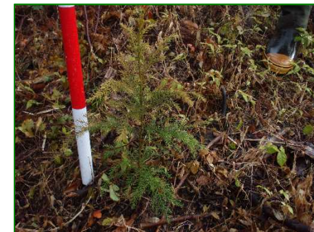
滝ノ沢入国有林（植付）
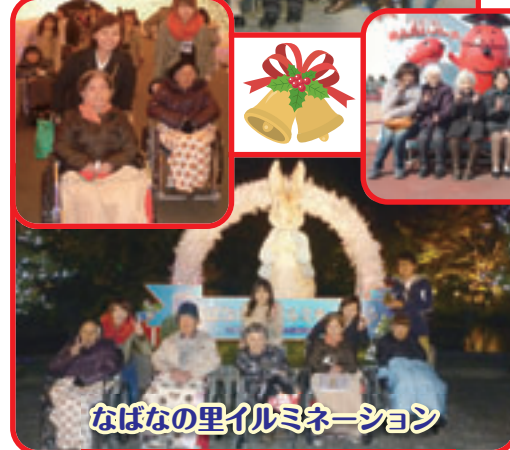
なばなの里イルミネーション

★いちご狩りやなばなの里イルミネーション等の外出に加え、新企画の御朱印巡りもスタートしました。利用者様の皆さんとても楽しまれ喜んでみえました。

Work to be completed
With the pictures removed, return the full listing exactly as given.

Exercise solution
滝ノ沢入国有林（植付）
なばなの里イルミネーション

★いちご狩りやなばなの里イルミネーション等の外出に加え、新企画の御朱印巡りもスタートしました。利用者様の皆さんとても楽しまれ喜んでみえました。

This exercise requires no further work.